SDN outliers

What’s caused the biggest evolution in SDN is the realization that very few organizations really have the desire, skills and incentives to write a new class of applications to a published API to program the network. These users are outlying use cases compared to the vast majority of organizations just looking to automate IT tasks, accelerate application deployment, make their cloud networks more flexible, and better align their IT infrastructure with business requirements. The focus has shifted from SDN being an open API/controller platform, to a platform capable of hosting a myriad of orchestration and IT workflow automation solutions that drive customers to their end goal.”
Gary Kinghorn
on the Cisco Blog.

Gary makes a persuasive argument… mostly.

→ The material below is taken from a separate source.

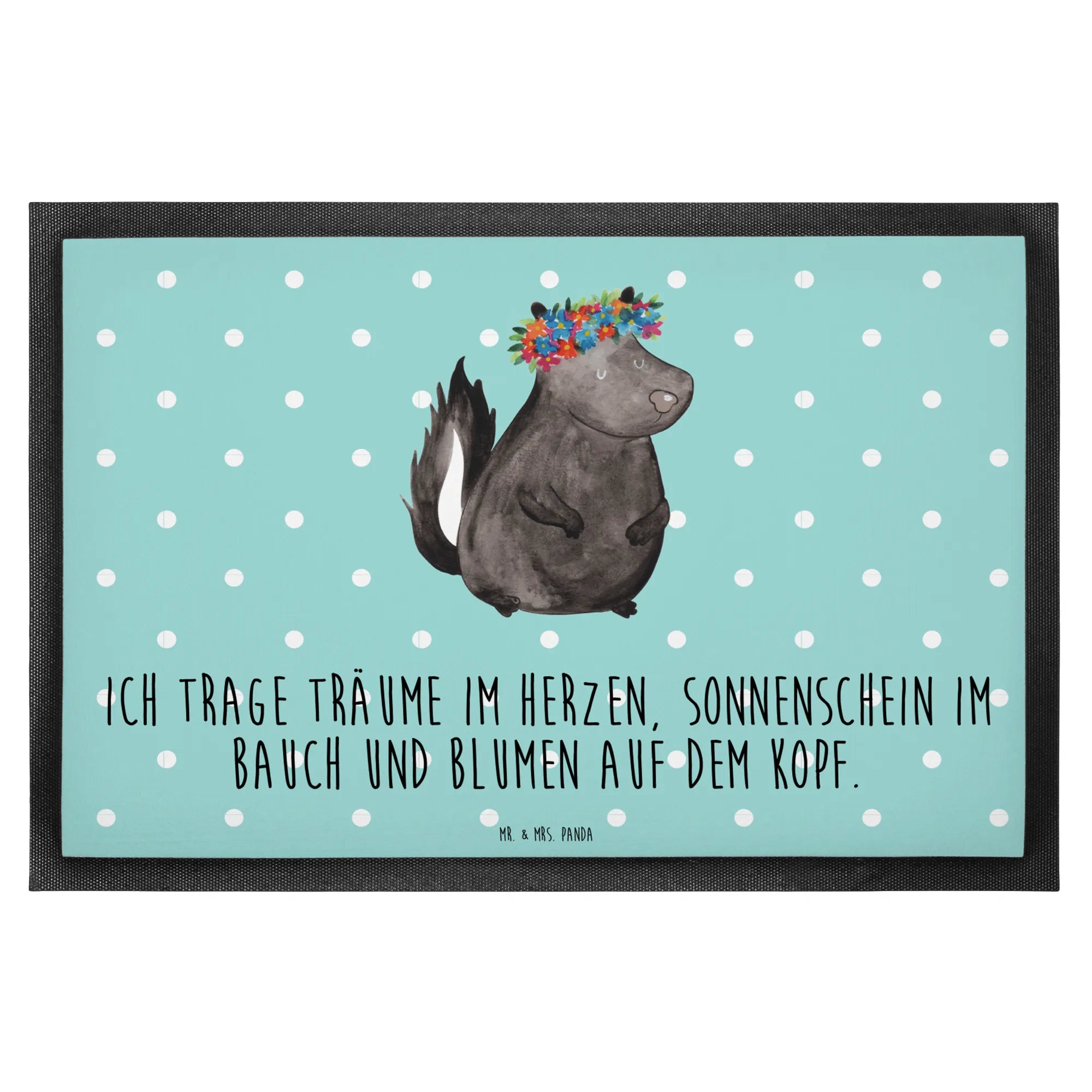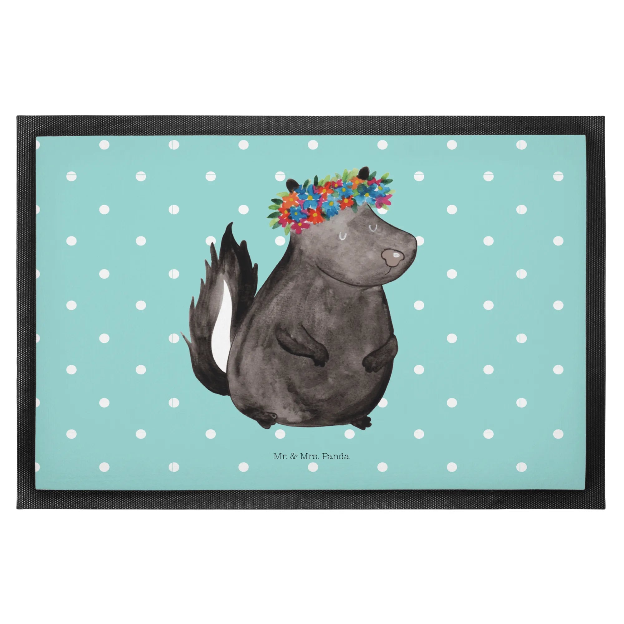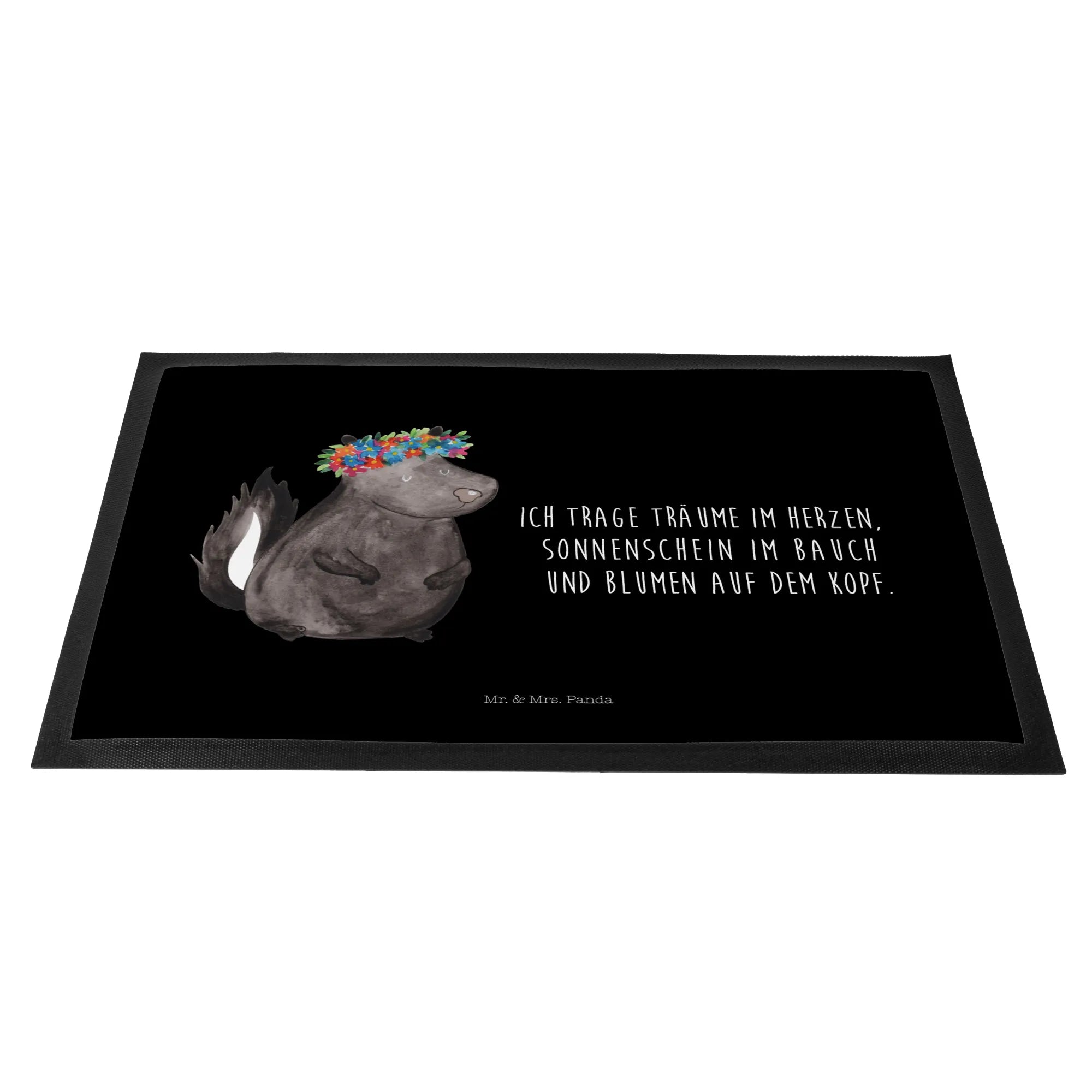 Suchst du nach einem ganz besonderen Geschenk für Freunde oder Familie? Unsere Fußmatte "Stinktier Blumenmädchen" aus der Stinktier-Kollektion von Mr. & Mrs. Panda ist nicht nur ein praktischer Schmutzfänger, sondern auch ein echtes Kunstwerk! Das süße Stinktier, das fröhlich mit einem bunten Blumenkranz auf dem Kopf lächelt, bringt ganz viel Freude in jeden Eingangsbereich. Unten das robuste Gummi sorgt dafür, dass die Matte rutschfest und stabil bleibt – ideal für deinen Eingangsbereich oder die Terrasse.

Gary’s great post (have a read) is right in saying that the vast majority of organisations won’t have the desire, skills or incentives to develop applications that program their networks via API stacks.

The outliers are an important part of what SDN is all about though, within the context of two primary use cases:

  1. The organisations that have the greatest need for virtualised networks (ie CSPs, OTT, data centres, utilities, education facilities, large corporates) will have the desire, skills and incentives to develop programmable networks to give themselves more speed and flexibility
  2. A model that supports network innovation in software vastly expands the long tail of innovation because the barrier to entry in the traditional HDN (Hardware Defined Networking) is massive. This allows inventors who aren’t linked with equipment manufacturers like Cisco to build alternative network models without first having to design and manufacture physical devices

The exciting part for me is that these outlier cases also represent the opportunity for anybody to build new and improved versions of OSS / orchestration / automation management tools.